Parenting: Who are the REAL bees?

November 15, 2010

Inside was a rather large bees nest. The nest was void of any bees, but an impressive find nonetheless. And it had me wondering. How many bees lived here? Were they happy living in the gutter? Did they get upset when it rained and water came gushing through? Did they like the flowers in our yard? And did they ever get bored by a bee's daily routine?

Those questions quickly had me wondering about something completely different. If me and my family were the subject of a similar discovery by someone from another region of the universe, what questions would they have about us?

The late astronomer Carl Sagan conducted a similar thought experiment by imagining what aliens would think of Earth from way far away (as a pale blue dot), and way up close (close enough to see houses, roads mountains, oceans, and maybe even human activity).

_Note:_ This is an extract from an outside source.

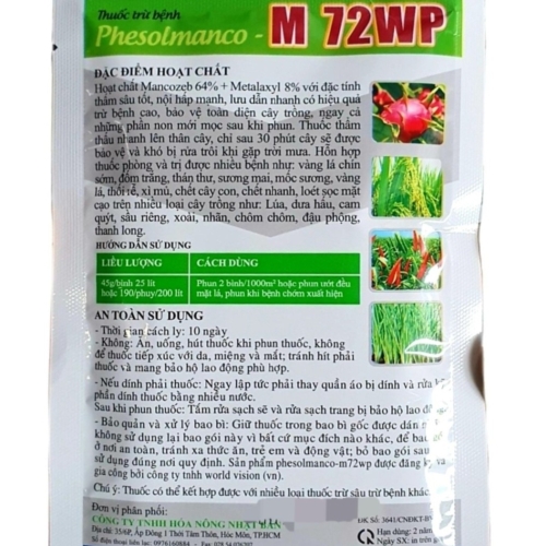 Phesolmanco-M 72WP chứa Mancozeb 64% + Metalaxyl 8% có công dụng trong việc phòng, điều t r ị các loại sâu bệnh hoặc các vấn đề cây trồng trong Nông nghiệp.

I suggest you purchase Sagan's book of that very name, "Pale Blue Dot." It is a fascinating read. More information right here.

As for me, the dad, one can only imagine what a foreigner to this planet would deduce from observing what goes on at my house (from above). What if it was just a Google Earth-type snapshot? A day when none of us were outside? Hmm. That place seems pretty boring (and any parent will tell you, nothing is boring about your daily lives in raising children).

What if the foreigner would be allowed to observe us for an hour? A day? A week?

A month?

After a month, the alien would probably look at us much the same as we look at bees. Hmmm. These creatures seem very routine-oriented.

In my family's case: I leave the same time every weekday to go to work. My children leave for the bus about the same time every weekday. I return home around the same time. My children return around the same time. There may be varying activities and trips by my wife in between, and on weekends, but for the most part, this routine remains unbroken during the school year.

What if the aliens could observe us over the course of three years, with time being sped up? More routines. Trips to school are daily (save for holidays) between the months of September and June. Trips outside and to other places begins to vary from June to September. Lawn gets cut between March and November. Snow may fall between December and March.

Wow. What routines! How boring! Do they have minds of their own, free will, or are these creatures just relegated to repeating tasks over and over again? Who are the bees, anyway? We, or the bees?